Девушка задумчиво смотрела на портрет. Сейчас уже редко встретишь такое одухотворенное лицо. После войны мир очень изменился. Развитие науки способствовало тому, что драконы частично потеряли способность чувствовать правду, да и мир с каждым новым техническим изобретением переставал быть сказочным и благородным.
– Привет, – тихо прошептала она человеку на портрете. – Я все-таки приехала.
Ей показалось, или улыбка стала чуть шире. Девушка хотела добавить еще что-то, но ее прервал звук шагов. Нахмурившись, она повернулась. Так и есть, дядя решил показать картины одному из гостей. Дерек фон Эйсен, который шел рядом с хозяином, его лицо выражало вежливый интерес, но было заметно, что глава Обвинителей явно равнодушен к столь значительному собранию шедевров.
– Ника? – Эдвард удивленно посмотрел на племянницу. – А ты что здесь делаешь?
– Решила посмотреть, что нового.
– В отделе семейных портретов?
Эдвард приподнял брови. Веро хмыкнула:
– А вдруг ты наконец-то решил увековечить себя и Терезу.
– Вряд ли… – Поджав губы, дядя покачал головой. – Я так и не смог найти подходящего художника.
– Потому что ты ищешь модерниста в нашей стране, – усмехнулась девушка. – Подумать только! Модерниста! С нашей-то чопорностью и следованием традициям!

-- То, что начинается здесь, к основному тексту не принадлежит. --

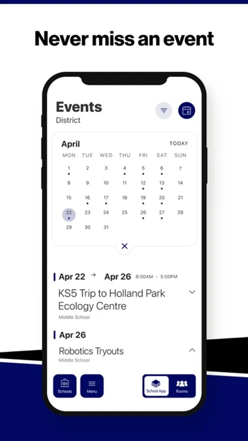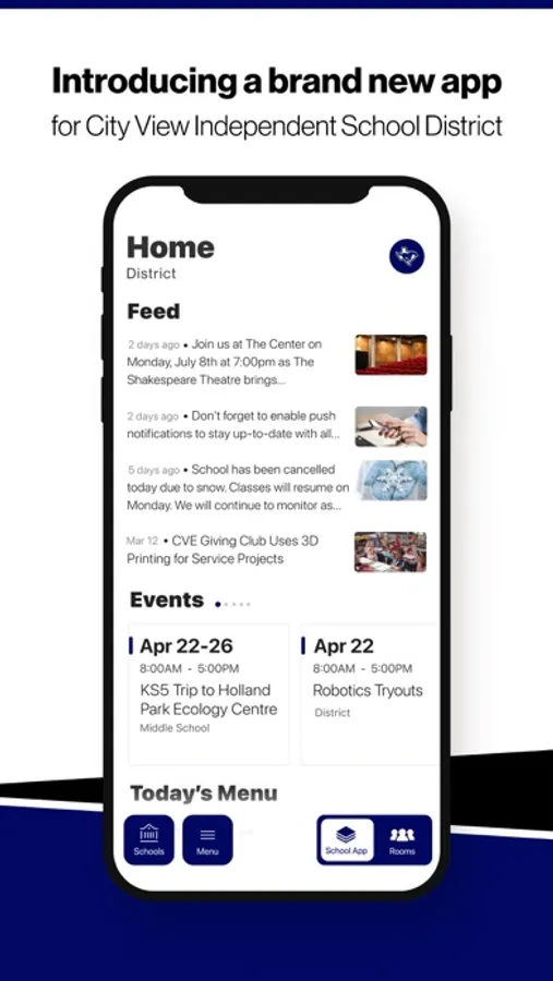 The event section shows a list of events throughout the district. Users can add an event to your calendar to share the event with friends and family with one tap.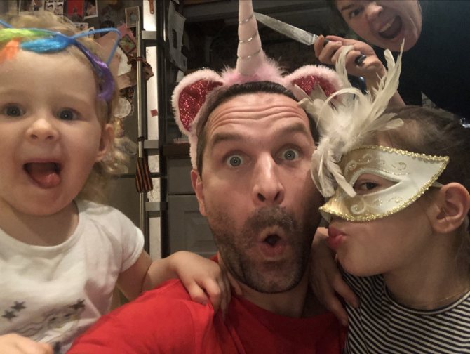 — Обычно мы много путешествуем. Сейчас мы на даче и катаемся на велосипедах, гуляем. Зимой катаемся на лыжах, и я очень счастлив, потому что моя младшая встала на лыжи в 3 года, а я в 33!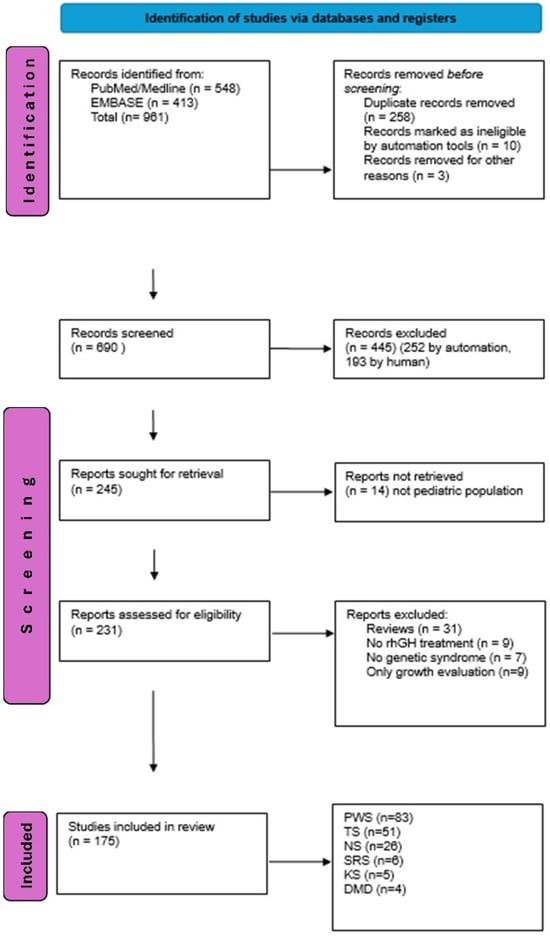 The initial search resulted in 961 references. Articles that did not report on GH treatment in genetic syndromes were excluded based on the title/abstract (445 articles). The remaining records were screened for inclusion criteria. After excluding duplicates (EndNote program and then manually), 231 potentially eligible studies were retrieved for full-text screening. For our final evaluation, we included 175 papers in the review (Figure 1). As expected, most of them concerned children with PWS, TS, and NS (83, 51, and 26 papers, respectively). A small number of papers focused on rhGH effects beyond growth promotion in SRS (n = 6), KS (n = 5), and DMD (n = 4) individuals.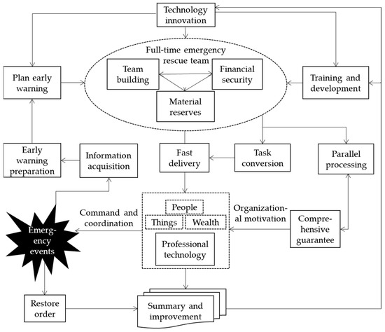 In the process of further promoting the emergency management of water availability, China still faces certain problems. Natural risks such as floods have increased, prevention and control have become more difficult, and emergencies are prone to occur. The COVID-19 epidemic and the “July 20” Catastrophic Rainstorm Disaster in Zhengzhou, Henan Province in 2021 are examples of this. Therefore, as the final barrier to for preventing and controlling major risks, emergency rescue is of great importance to resist disasters, reduce losses and protect lives. China’s emergency rescue teams are mainly composed of full-time, military and part-time emergency rescue teams [1,2]. Among these, full-time emergency rescue teams, including comprehensive fire rescue teams and various professional emergency rescue teams, are responsible for risk prevention, response and emergency rescue during various natural disasters and accidents [3]. The full-time water conservancy emergency rescue team is one of the key forces in charge of flood and drought control.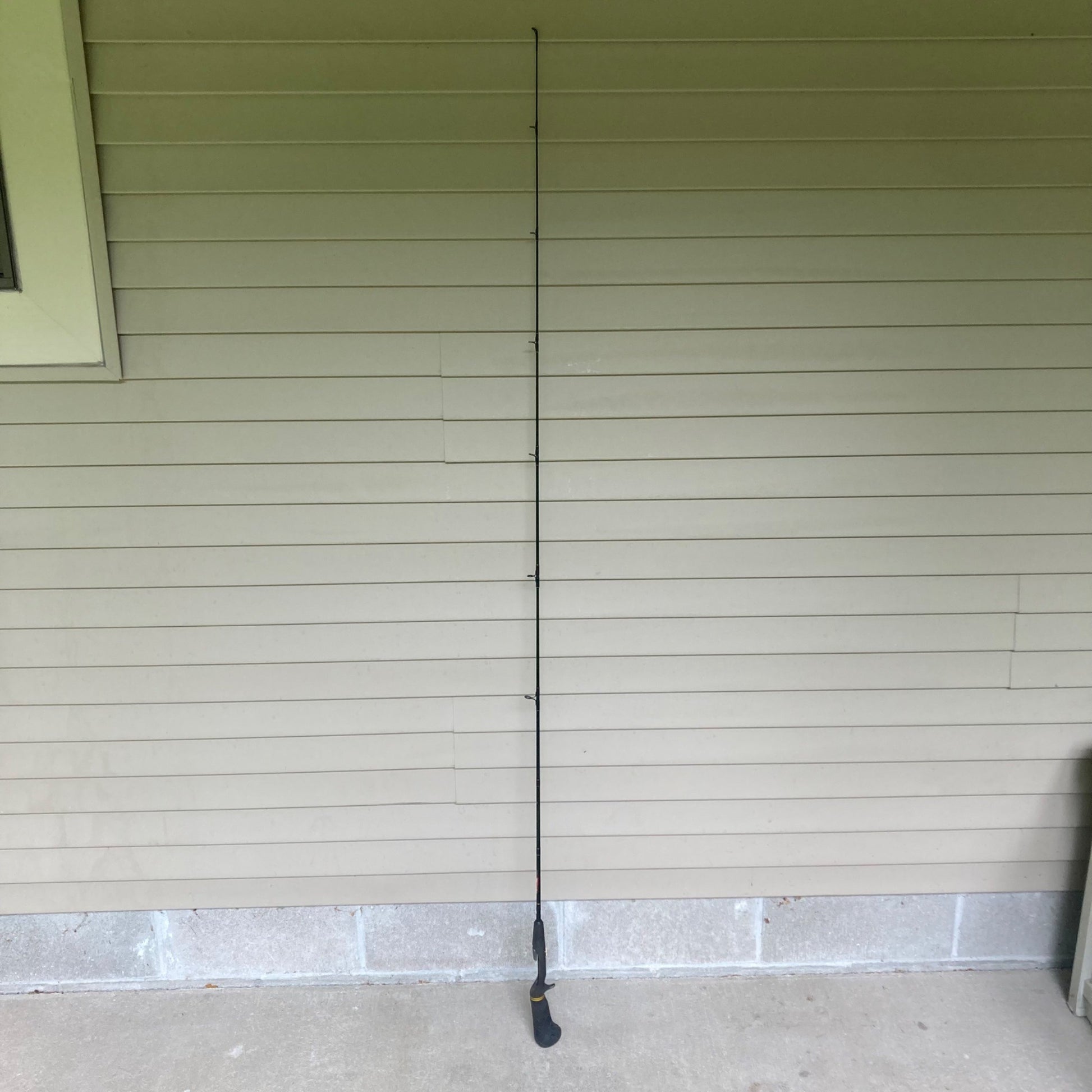 This is a 6', 2-piece casting rod with pistol grip style handle. There's a little white paint on the top of the handle/bottom of rod (see pic), otherwise it's in excellent, clean condition.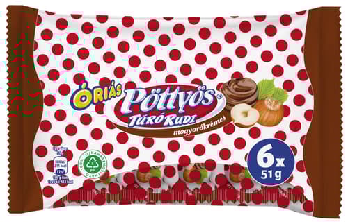 Pöttyös Óriás Túró Rudi mogyorókrémes túródesszert kakaós étbevonattal (6×51G)
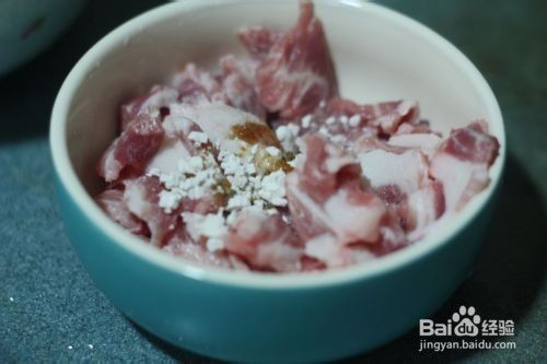 将肉片放进碗里,加酱油、葱花、姜末,拌匀至看不到汁,加入玉米淀粉拌匀,腌3分钟,这样处理的肉鲜嫩。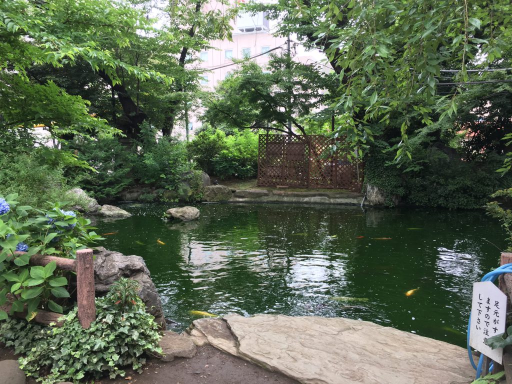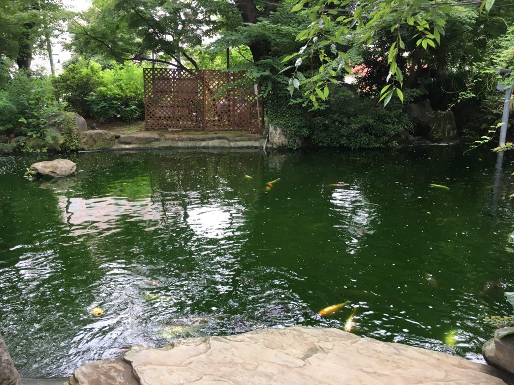 池の鯉は工事が終わるまでお引越し中だそうです。
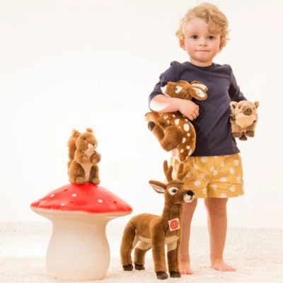 Zum Spielen und Kuscheln! Das süße Eichhörnchen aus der Hermann Teddy Collection begleitet seinen zweibeinigen Freund überall hin. Gefertigt aus hochwertigem Plüsch und gefüllt mit weicher Polyesterwatte aus 100% recyceltem Kunststoff ist der kleine Waldbewohner ein idealer Kuschelpartner!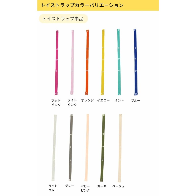 - ☑シンプル簡単。ボタンで取り付けるだけのトイストラップです。トイストラップがあれば、一人遊びでも落とさない。落下防止に活躍します。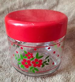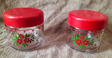 Set di due contenitori da cucina con coperchio rosso e decorazione floreale. Ideali per caffè, zucchero o sale. Realizzati in vetro con coperchio in plastica.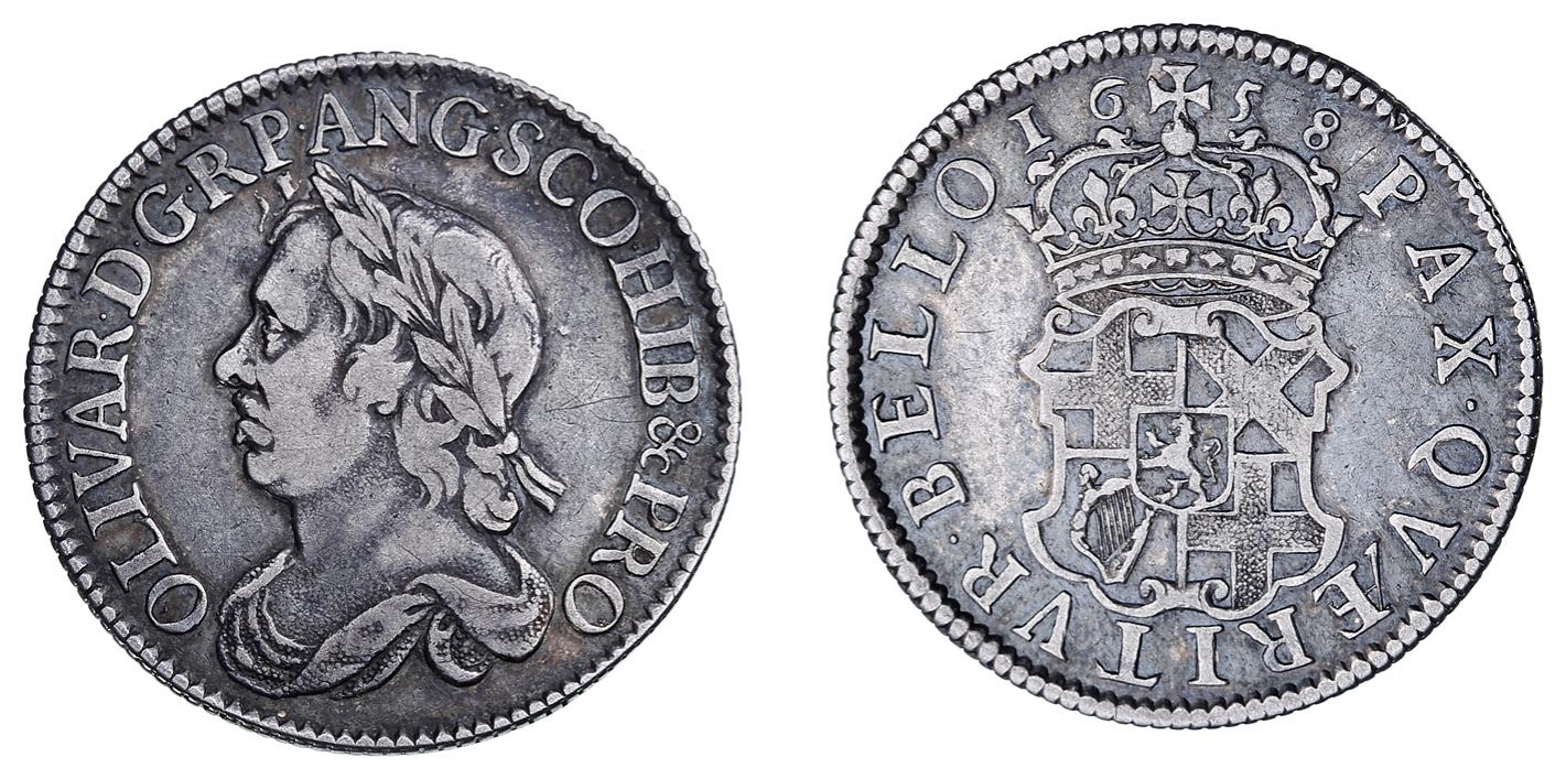 Cromwell's shilling, dated 1658. It's an interesting one for first time there's someone else not a royal bust on the British coinage.
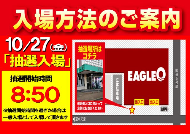 明日!イーグルオーは!10/14 朝9時開店! 抽選8:45
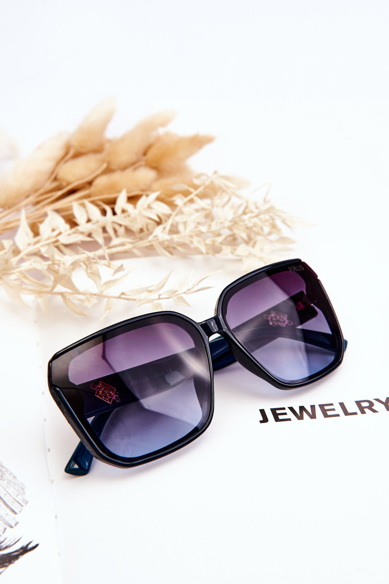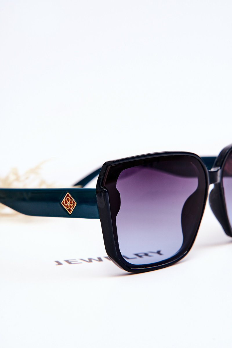 Classic sunglasses are made of plastic. They have decorations on the temples in the form of a diamond with a flower. Wayfarer style model. These glasses are perfect for sunny days, thanks to the UV filter. Information from the manufacturer: UV protection, category 3.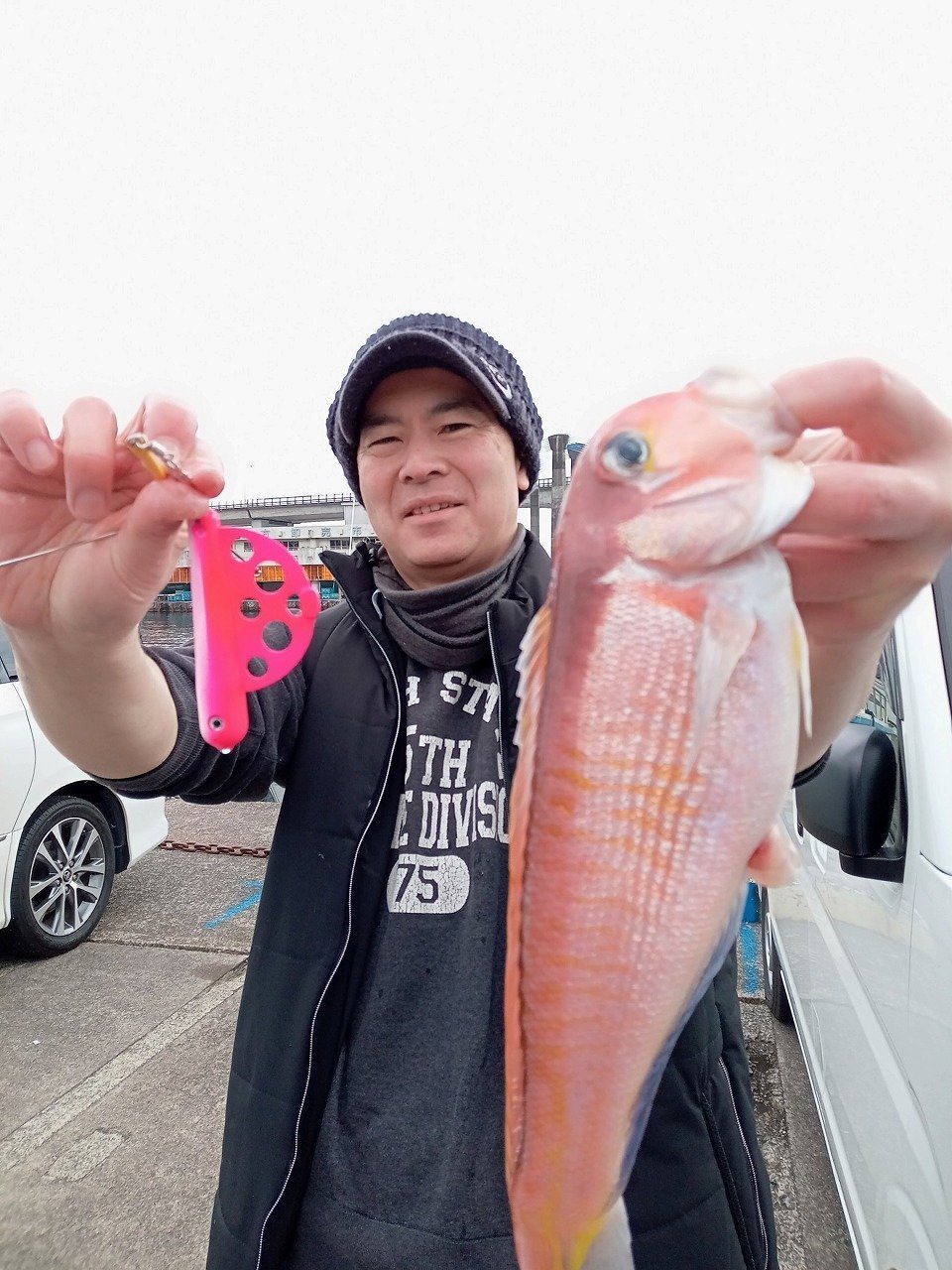 ただこの日も海上では雪は降りませんでしたが、極寒のうえ、好ポイントの真鶴沖が強風・ウネリで入れず、小田原~大磯沖での釣りとなりました。※いろいろポイント探してくれた船長さんに感謝!

– Интересный портрет. – Вдруг заинтересовавшись, Дерек подошел ближе к Веро. Фернанд Амстел? Я не ошибся?
– Да, вы его знали?
Девушка настороженно посмотрела на мужчину. Фон Эйсен пожал плечами:
– Немного… я начинал работать в Цитадели, когда он возглавлял Совет Пятерых. Его решения всегда вызывали восхищение.
– Да, отец не оставлял никого равнодушным. Его либо обожали, либо ненавидели, – кивнул Эдвард. Веро опустила голову, скрывая всю ту бурю чувств, каждый раз охватывавшую ее, когда кто-то упоминал о герцоге Амстеле.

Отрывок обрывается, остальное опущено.